The centroid of the region is \(\left(\frac{4}{7},\frac{55}{192}\right)\).

For the parametric curve \(x=t^2\), \(y=t-\frac{1}{3}t^3\), \(0\le t\le 1\), we have

\(\frac{\mathrm{d}x}{\mathrm{d}t}=2t\), and \(\frac{\mathrm{d}y}{\mathrm{d}t}=1-t^2\).

Surface area

The surface area generated by rotating the curve about the \(x\)-axis is

\(S=2\pi \int_0^1 y\sqrt{\left(\frac{\mathrm{d}x}{\mathrm{d}t}\right)^2+\left(\frac{\mathrm{d}y}{\mathrm{d}t}\right)^2}\,\mathrm{d}t\).

Now

\(\left(\frac{\mathrm{d}x}{\mathrm{d}t}\right)^2+\left(\frac{\mathrm{d}y}{\mathrm{d}t}\right)^2=4t^2+(1-t^2)^2=4t^2+1-2t^2+t^4=(1+t^2)^2\).

Since \(1+t^2\gt 0\) on \([0,1]\),

\(\sqrt{\left(\frac{\mathrm{d}x}{\mathrm{d}t}\right)^2+\left(\frac{\mathrm{d}y}{\mathrm{d}t}\right)^2}=1+t^2\).

So

\(S=2\pi\int_0^1\left(t-\frac{1}{3}t^3\right)(1+t^2)\,\mathrm{d}t\).

Expand the integrand:

\(\left(t-\frac{1}{3}t^3\right)(1+t^2)=t+\frac{2}{3}t^3-\frac{1}{3}t^5\).

Hence

\(S=2\pi\int_0^1\left(t+\frac{2}{3}t^3-\frac{1}{3}t^5\right)\mathrm{d}t\)

\(=2\pi\left[\frac{t^2}{2}+\frac{t^4}{6}-\frac{t^6}{18}\right]_0^1\)

\(=2\pi\left(\frac{1}{2}+\frac{1}{6}-\frac{1}{18}\right)=2\pi\cdot\frac{11}{18}=\frac{11\pi}{9}.\)

Centroid of the region

The region is bounded by the curve, the \(x\)-axis, and \(x=1\). Since \(x=t^2\), the interval \(0\le t\le 1\) covers \(0\le x\le 1\).

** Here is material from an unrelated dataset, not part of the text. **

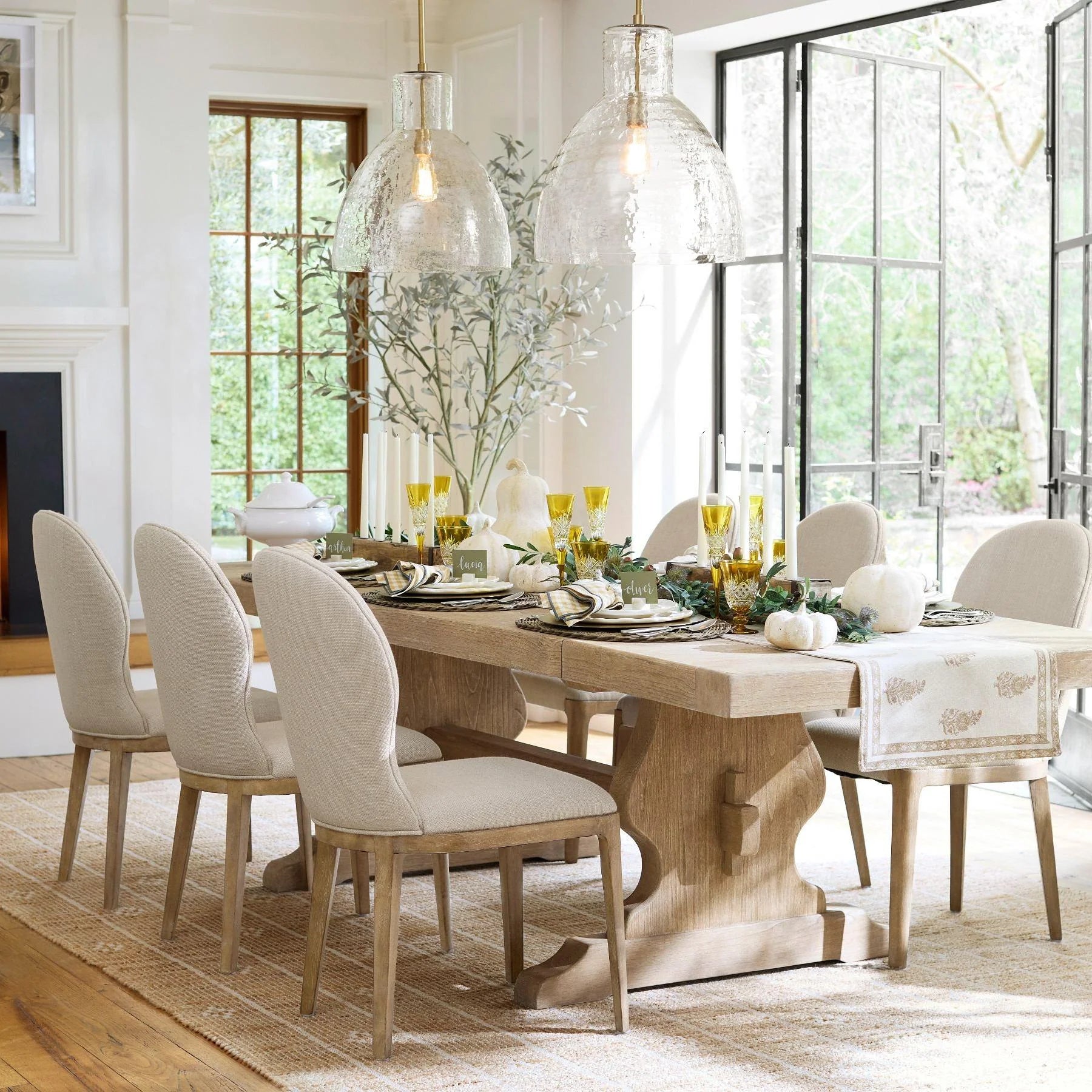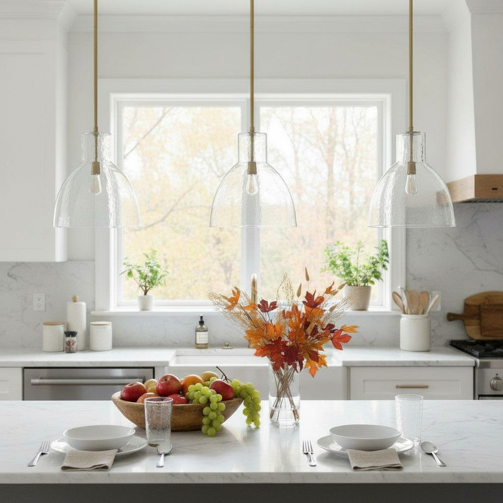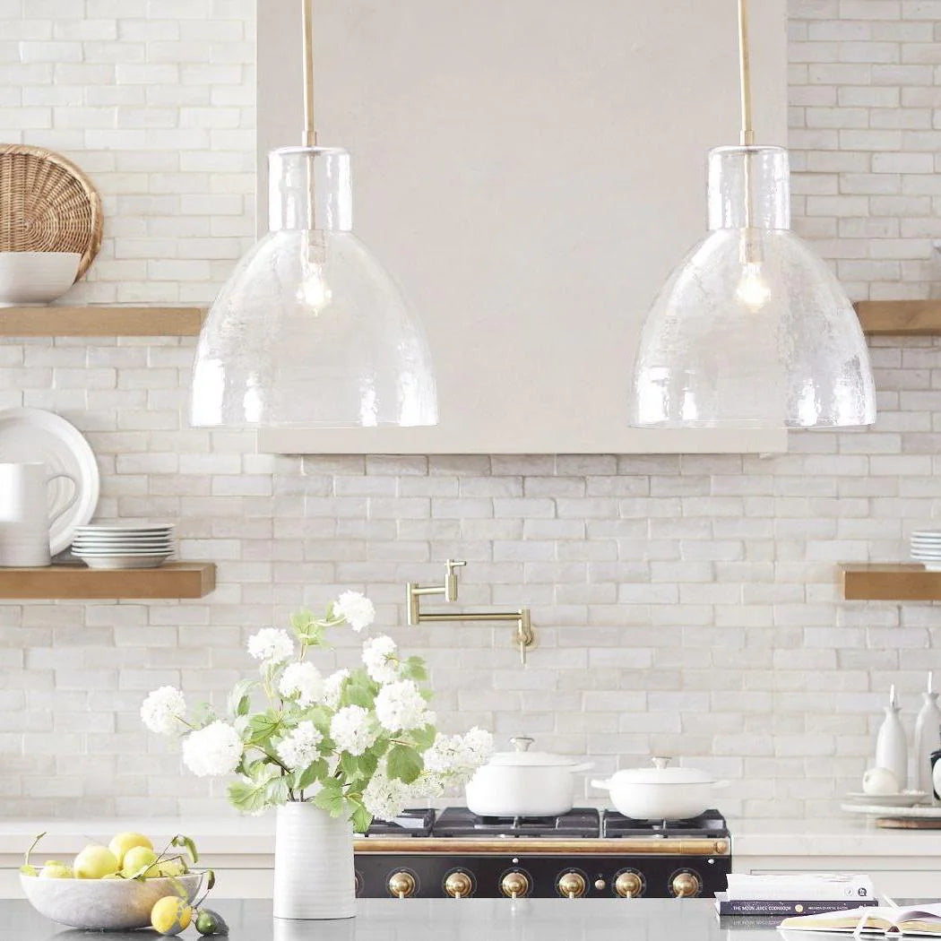 Farmhouse Recycled Hammered Glass Pendant Light for Kitchen Island
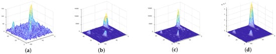 Figure 6a–d show three-dimensional images of Figure 5b, the MVWIE method, the FMPCM method, and the proposed method, respectively. As shown in Figure 6a–d, the small target in the original SAR image has a low contrast with its surrounding clutter, and it is not easy to distinguish from the clutter background. After using the MVWIE method, FMPCM method, and our method, the contrast between ship targets and the clutter background can be improved. However, the suppression effect of MVWIE and FMPCM methods is relatively worse than proposed method, and there is still clutter remaining which will induce false alarms. After the attention contrast enhancement of the intensity and texture features, our proposed method has a better inhibition effect for the clutter background.

For a region under a curve \(y\) from \(x=0\) to \(x=1\),

\(A=\int y\,\mathrm{d}x\), \(\bar{x}=\frac{1}{A}\int x y\,\mathrm{d}x\), and \(\bar{y}=\frac{1}{2A}\int y^2\,\mathrm{d}x\).

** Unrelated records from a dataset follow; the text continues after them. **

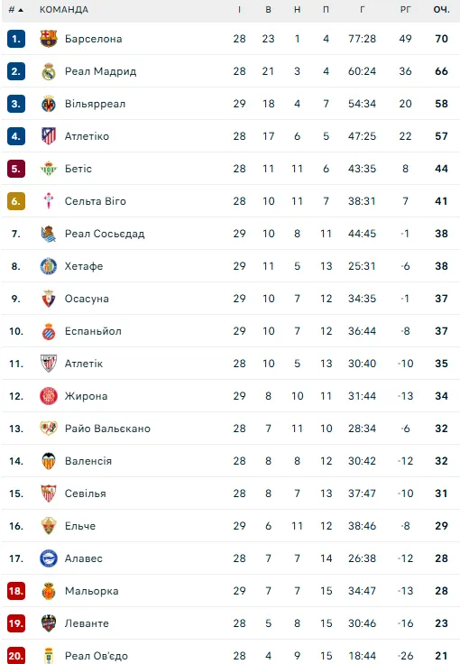 Турнірна таблиця Ла Ліги: на якому місці Жирона українців Ваната і Циганкова
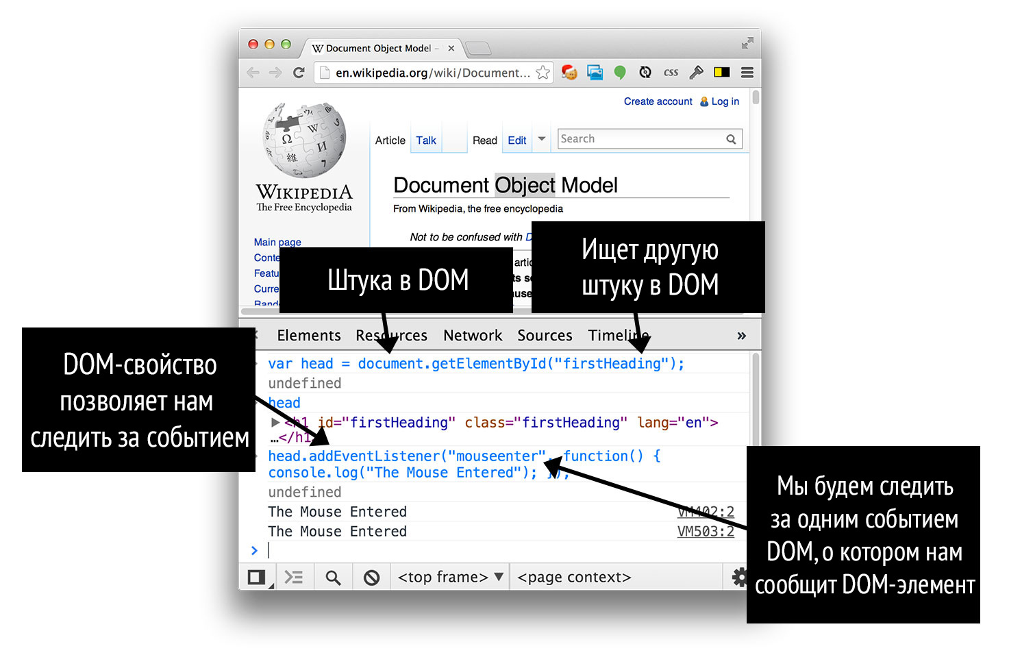 Например, мы можем написать код на JavaScript, который будет следить за срабатыванием события mouseenter на элементе. Этот элемент есть ни что иное, как узел DOM-дерева, и к этому узлу мы с помощью DOM-свойства подключаем обработчик. Срабатывание события происходит потому, что узел DOM-дерева распространяет его.
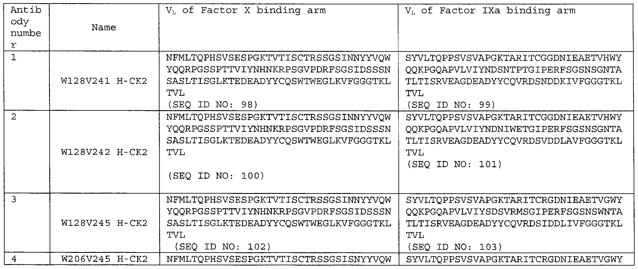 - the present invention provides bispecific antibodies that bind to Factor IXa and Factor X.
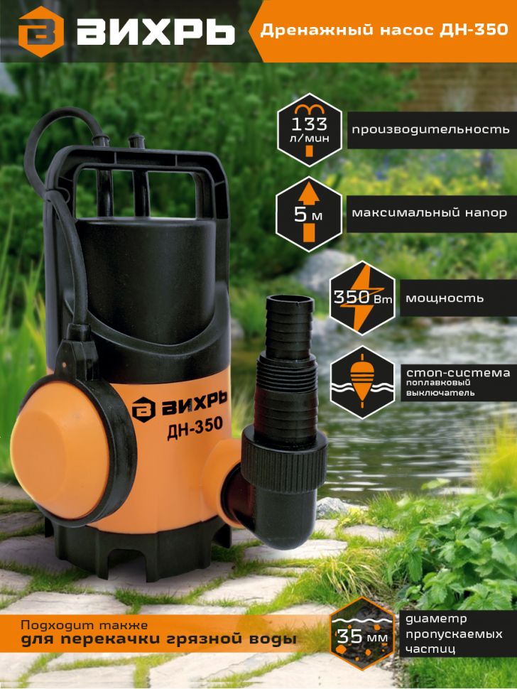 Читать все статьиДренажный насос ВИХРЬ ДН-350

Using the parameter \(t\), with \(\mathrm{d}x=\frac{\mathrm{d}x}{\mathrm{d}t}\mathrm{d}t=2t\,\mathrm{d}t\):

\(A=\int_0^1 y\frac{\mathrm{d}x}{\mathrm{d}t}\,\mathrm{d}t=\int_0^1\left(t-\frac{1}{3}t^3\right)(2t)\,\mathrm{d}t\)

\(=\int_0^1\left(2t^2-\frac{2}{3}t^4\right)\mathrm{d}t=\left[\frac{2t^3}{3}-\frac{2t^5}{15}\right]_0^1=\frac{8}{15}.\)

Next,

\(\int x y\,\mathrm{d}x=\int_0^1 x y\frac{\mathrm{d}x}{\mathrm{d}t}\,\mathrm{d}t\)

\(=\int_0^1 t^2\left(t-\frac{1}{3}t^3\right)(2t)\,\mathrm{d}t=\int_0^1\left(2t^4-\frac{2}{3}t^6\right)\mathrm{d}t\)

\(=\left[\frac{2t^5}{5}-\frac{2t^7}{21}\right]_0^1=\frac{32}{105}.\)

So

\(\bar{x}=\frac{\frac{32}{105}}{\frac{8}{15}}=\frac{32}{105}\cdot\frac{15}{8}=\frac{4}{7}.\)

Finally,

\(\frac{1}{2}\int y^2\,\mathrm{d}x=\frac{1}{2}\int_0^1 y^2\frac{\mathrm{d}x}{\mathrm{d}t}\,\mathrm{d}t\)

\(=\frac{1}{2}\int_0^1\left(t-\frac{1}{3}t^3\right)^2(2t)\,\mathrm{d}t\)

\(=\int_0^1\left(t^3-\frac{2}{3}t^5+\frac{1}{9}t^7\right)\mathrm{d}t\)

\(=\left[\frac{t^4}{4}-\frac{t^6}{9}+\frac{t^8}{72}\right]_0^1=\frac{11}{72}.\)

Therefore

\(\bar{y}=\frac{\frac{11}{72}}{\frac{8}{15}}=\frac{11}{72}\cdot\frac{15}{8}=\frac{55}{192}.\)

Hence the centroid is \(\left(\frac{4}{7},\frac{55}{192}\right)\).